I couldn’t stand up in this damp, dirty-smelling hole but I made to back out, on hands and knees, down the earth passage by which I’d entered. I’d had my fill of the smell, the talk, the papers, and now the sing-song. But I wasn’t quick enough. Robin’s scrawny arm shot forward and he grabbed at mine. I felt the bone of his fingers scrabble at the flesh of my arm but he didn’t have sufficient control of his hand to take a firm grasp. He leaned forward and his breath buffeted against my face.
“That’s who,” he said. “You know him. You’ve seen him.”

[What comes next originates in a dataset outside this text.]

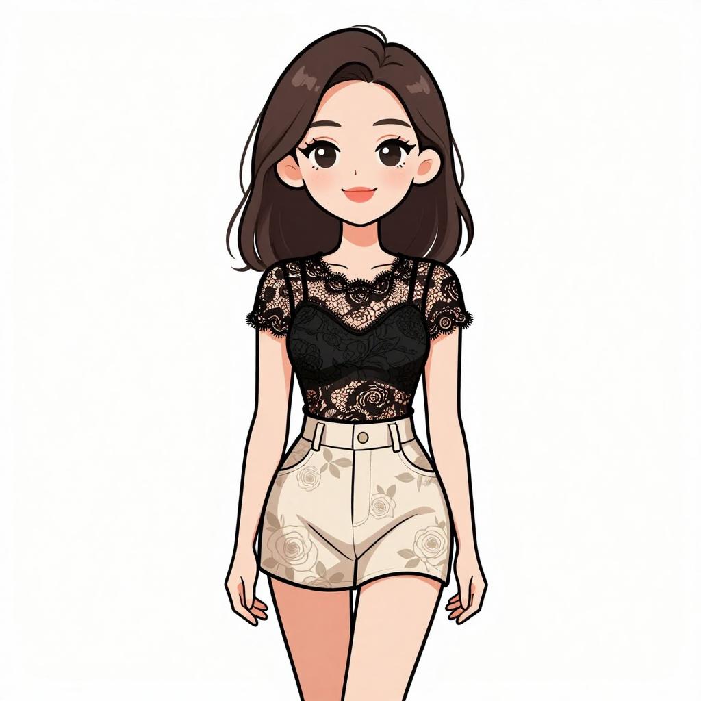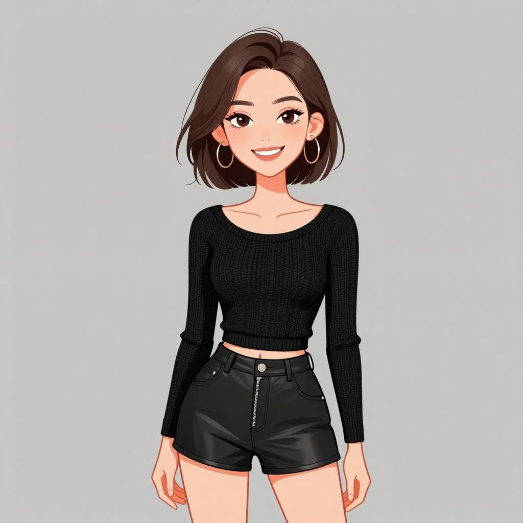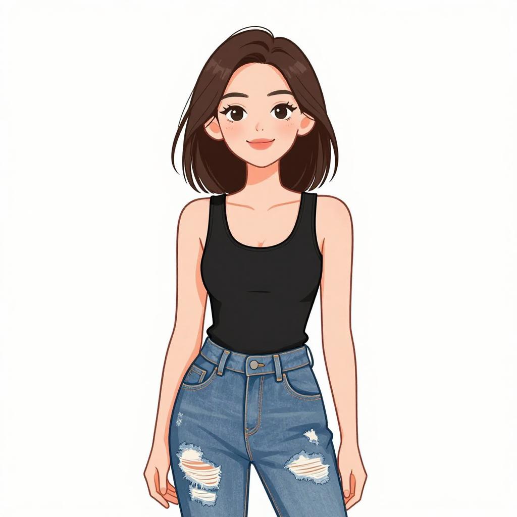 Woman with pretty face and pretty hair. smiling Woman, edgy, black lace corset top with sweetheart neckline, sleeveless, distressed blue skinny jeans with ripped knees, black leather jacket over one shoulder, thin black choker, minimal makeup. --sref 1467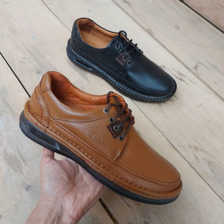 کفش طبی چرم طبیعی سایز 40 الی 44 با کفی چرم طبیعی در رنگبندی مشکی و عسلی بندی و کشی

He meant no harm, I am sure of that, no harm. He did not have it in him to do harm. With his feeble frame, he was no threat. Even so, I rebelled at the hand which was scraping at my arm, and pulled away. After that I might have pushed at him or kicked him, I’m not sure which, I was so eager to get out of this stinking, mouldy house. Desperation gave me strength and I heard him gasp as my shove winded and overtoppled him. I took off backwards down the little tunnel and out into the air.
Once on the exterior of the bank, I didn’t stop but crashed and blundered my way out of the woods. As I ran I raised my arm to my face and smelled at it, as if Robin might have left his scent on the place where he’d tried to hold me.
Surprisingly soon I came out into the open at a point a little distant from where I’d entered the wood. All was calm. The sun shone uninterrupted on Instede House and its grounds. From the angle of the light I guessed it was about three o’clock. Quickly I made my way round to the southern side of the building where I expected to find my fellows gathering to inspect the playing-area for our Dream. And sure enough there they were, and Revill was the laggard once again.
Two or three heads turned towards me and stared. Too late, I realized that I was probably stained and odorous from visiting Robin’s hole. Richard Sincklo was gathering everybody about him. I ran up in time to catch his first words and stood there picking off some of the fragments of earth on my clothing. Cuthbert, the younger son of Lord Elcombe, was on the far side of the crowd. He was evidently in earnest about his playing.